Task item: The copy has to match the records word for word and include no pictures.
[[ Data to process, beginning ]]
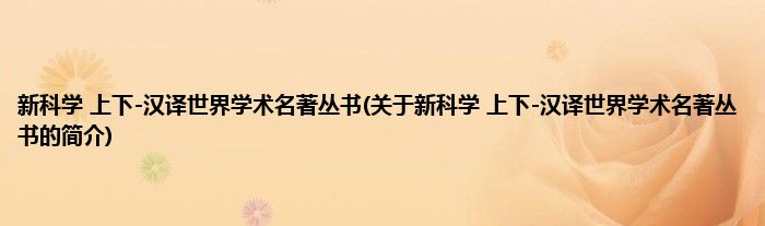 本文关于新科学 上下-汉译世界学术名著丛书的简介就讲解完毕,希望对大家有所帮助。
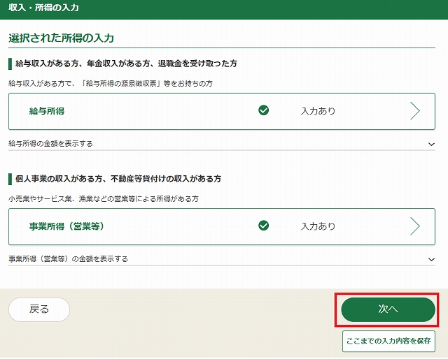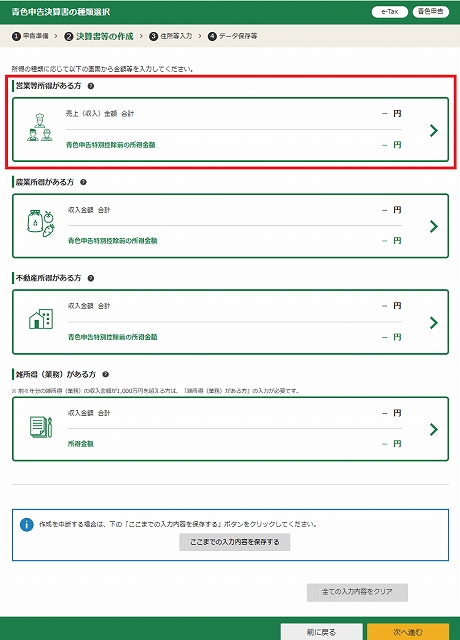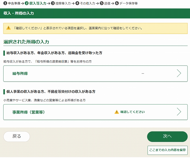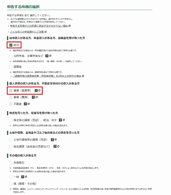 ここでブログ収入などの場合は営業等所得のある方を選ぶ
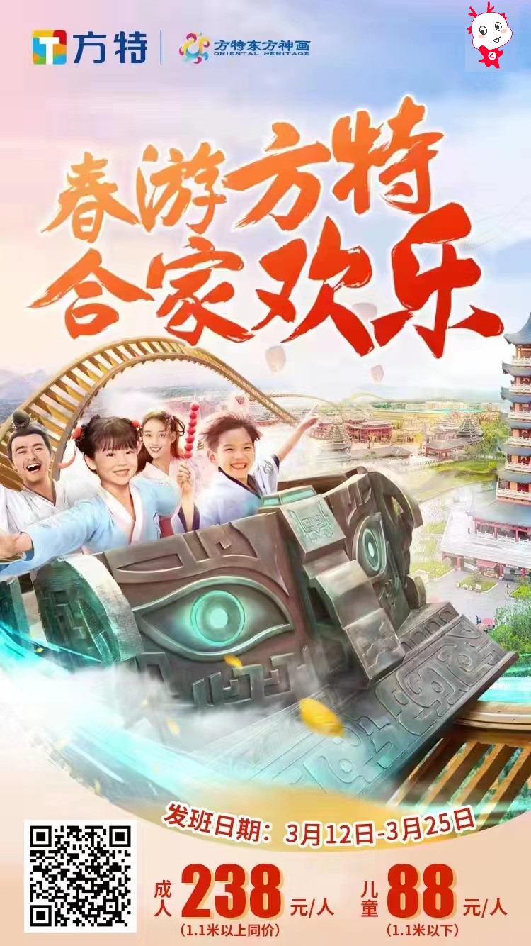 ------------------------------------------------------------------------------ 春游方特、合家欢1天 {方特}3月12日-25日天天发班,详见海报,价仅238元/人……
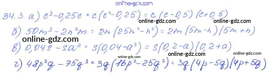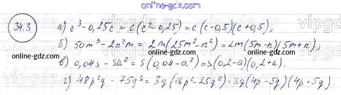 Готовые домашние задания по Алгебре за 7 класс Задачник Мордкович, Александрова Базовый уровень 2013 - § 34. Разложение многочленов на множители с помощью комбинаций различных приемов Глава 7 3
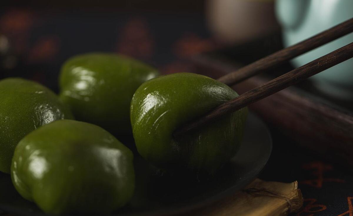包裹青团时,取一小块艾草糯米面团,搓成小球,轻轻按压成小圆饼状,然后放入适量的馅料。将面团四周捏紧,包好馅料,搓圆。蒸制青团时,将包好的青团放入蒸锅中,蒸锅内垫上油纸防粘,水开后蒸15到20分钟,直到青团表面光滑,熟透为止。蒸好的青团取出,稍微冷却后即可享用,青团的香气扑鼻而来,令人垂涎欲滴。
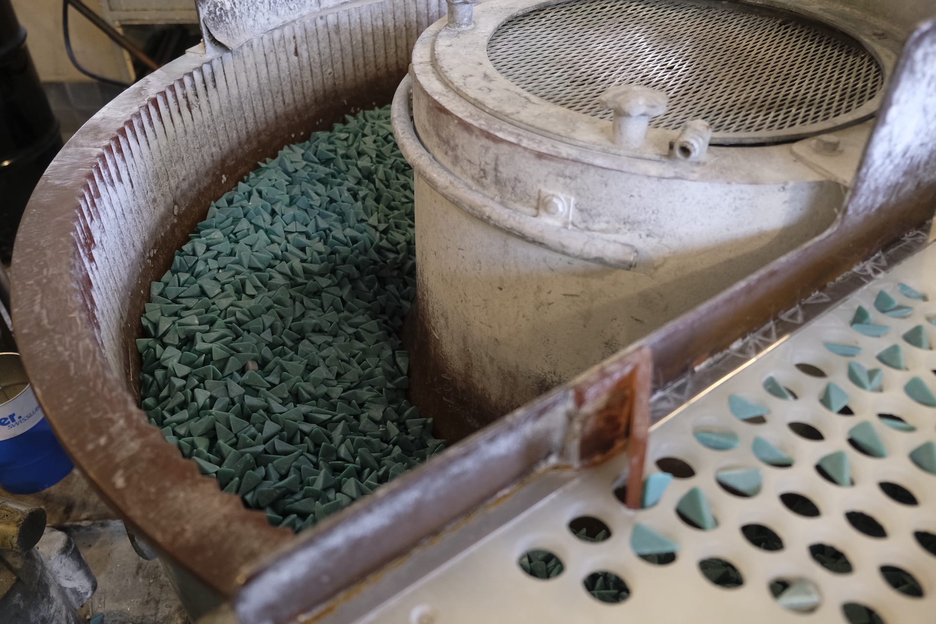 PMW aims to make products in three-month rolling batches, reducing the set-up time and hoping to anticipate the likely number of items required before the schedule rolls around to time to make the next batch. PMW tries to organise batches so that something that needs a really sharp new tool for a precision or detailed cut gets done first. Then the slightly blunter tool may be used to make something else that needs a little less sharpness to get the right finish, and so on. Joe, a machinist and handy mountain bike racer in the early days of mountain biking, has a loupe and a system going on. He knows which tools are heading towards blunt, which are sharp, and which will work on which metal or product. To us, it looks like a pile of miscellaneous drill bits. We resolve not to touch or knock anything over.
[[ Data to process, end ]]
Output below:
 本文关于新科学 上下-汉译世界学术名著丛书的简介就讲解完毕,希望对大家有所帮助。
 ここでブログ収入などの場合は営業等所得のある方を選ぶ
 ------------------------------------------------------------------------------ 春游方特、合家欢1天 {方特}3月12日-25日天天发班,详见海报,价仅238元/人……
 Готовые домашние задания по Алгебре за 7 класс Задачник Мордкович, Александрова Базовый уровень 2013 - § 34. Разложение многочленов на множители с помощью комбинаций различных приемов Глава 7 3
包裹青团时,取一小块艾草糯米面团,搓成小球,轻轻按压成小圆饼状,然后放入适量的馅料。将面团四周捏紧,包好馅料,搓圆。蒸制青团时,将包好的青团放入蒸锅中,蒸锅内垫上油纸防粘,水开后蒸15到20分钟,直到青团表面光滑,熟透为止。蒸好的青团取出,稍微冷却后即可享用,青团的香气扑鼻而来,令人垂涎欲滴。
 PMW aims to make products in three-month rolling batches, reducing the set-up time and hoping to anticipate the likely number of items required before the schedule rolls around to time to make the next batch. PMW tries to organise batches so that something that needs a really sharp new tool for a precision or detailed cut gets done first. Then the slightly blunter tool may be used to make something else that needs a little less sharpness to get the right finish, and so on. Joe, a machinist and handy mountain bike racer in the early days of mountain biking, has a loupe and a system going on. He knows which tools are heading towards blunt, which are sharp, and which will work on which metal or product. To us, it looks like a pile of miscellaneous drill bits. We resolve not to touch or knock anything over.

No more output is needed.